Frederick Douglass (Chesnutt)/XI
XI.
It is perhaps fitting, before we take leave of Douglass, to give some
estimate of the remarkable oratory which gave him his hold upon
the past generation. For, while his labors as editor and in other
directions were of great value to the cause of freedom, it is upon his
genius as an orator that his fame must ultimately rest.
While Douglass's color put him in a class by himself among great orators, and although his slave past threw around him an element of romance that added charm to his eloquence, these were mere incidental elements of distinction. The North was full of fugitive slaves, and more than one had passionately proclaimed his wrongs. There were several colored orators who stood high in the councils of the abolitionists and did good service for the cause of humanity.
Douglass possessed, in large measure, the physical equipment most impressive in an orator. He was a man of magnificent figure, tall, strong, his head crowned with a mass of hair which made a striking element of his appearance.

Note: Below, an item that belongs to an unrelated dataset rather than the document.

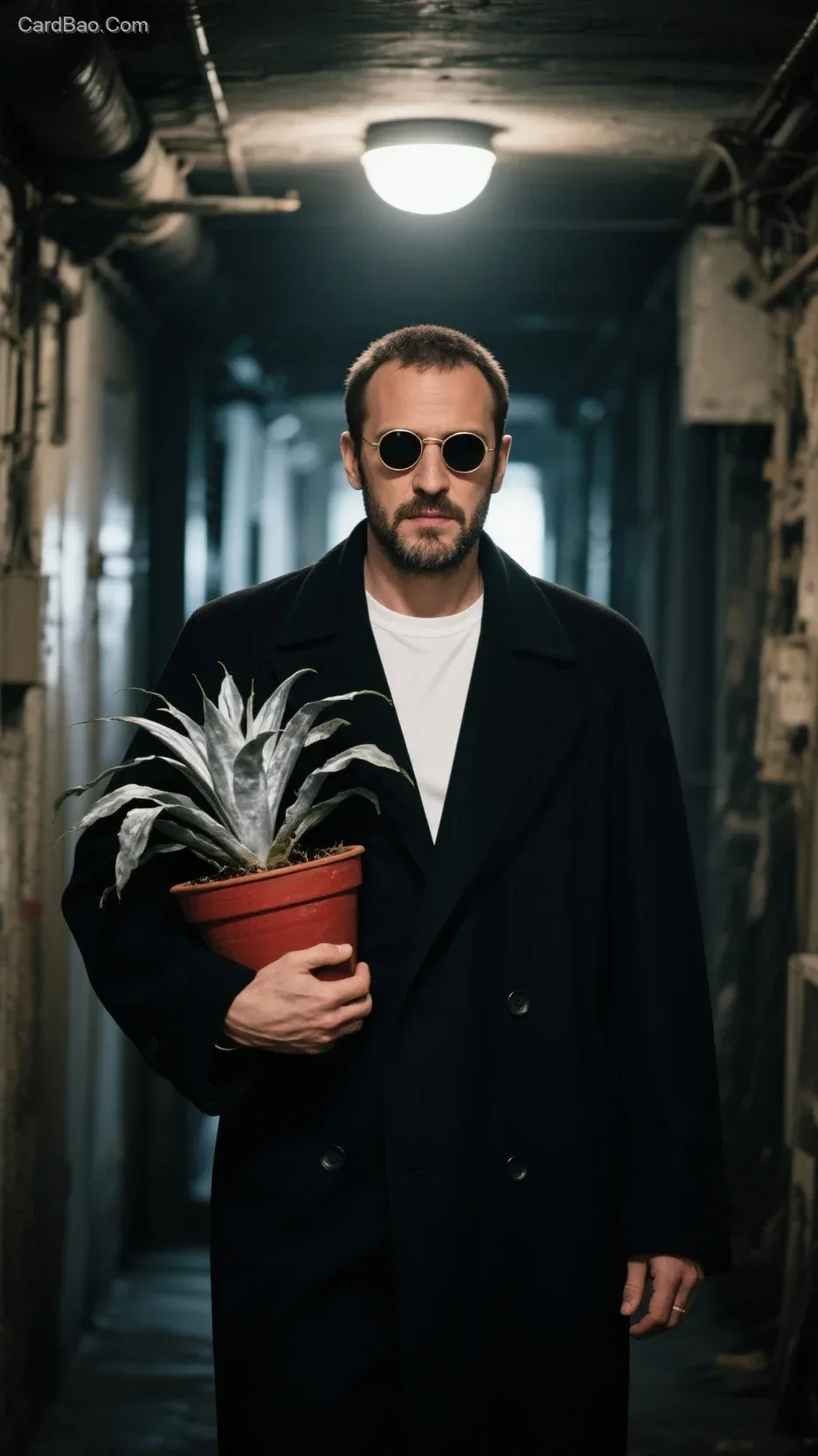 Leon: The Professional, Jean Reno's 35-year-old frontal photo, wearing a single-breasted black overcoat, a loose-fitting overcoat, a white round-neck cotton shirt, round sunglasses, very short hair, stubble, in a corridor, with a expressionless face, holding a pothos plant (Silver Queen) in his right hand, red terracotta flowerpot, dark and cluttered background, an overhead light flickering on and off, cinematic texture style, light and shadow effect, high-definition image quality, master-level photography, blurred background to highlight the subject.

He had deep-set and flashing eyes, a firm, well-moulded chin, a countenance somewhat severe in repose, but capable of a wide range of expression. His voice was rich and melodious, and of great carrying power. One writer, who knew him in the early days of his connection with the abolitionists, says of him, in Johnson's _Sketches of Lynn_:
"He was not then the polished orator he has since become, but even at that early date he gave promise of the grand part he was to play in the conflict which was to end in the destruction of the system that had so long cursed his race.... He was more than six feet in height; and his majestic form, as he rose to speak, straight as an arrow, muscular yet lithe and graceful, his flashing eye, and more than all his voice, that rivalled Webster's in its richness and in the depth and sonorousness of its cadences, made up such an ideal of an orator as the listeners never forgot. And they never forgot his burning words, his pathos, nor the rich play of his humor."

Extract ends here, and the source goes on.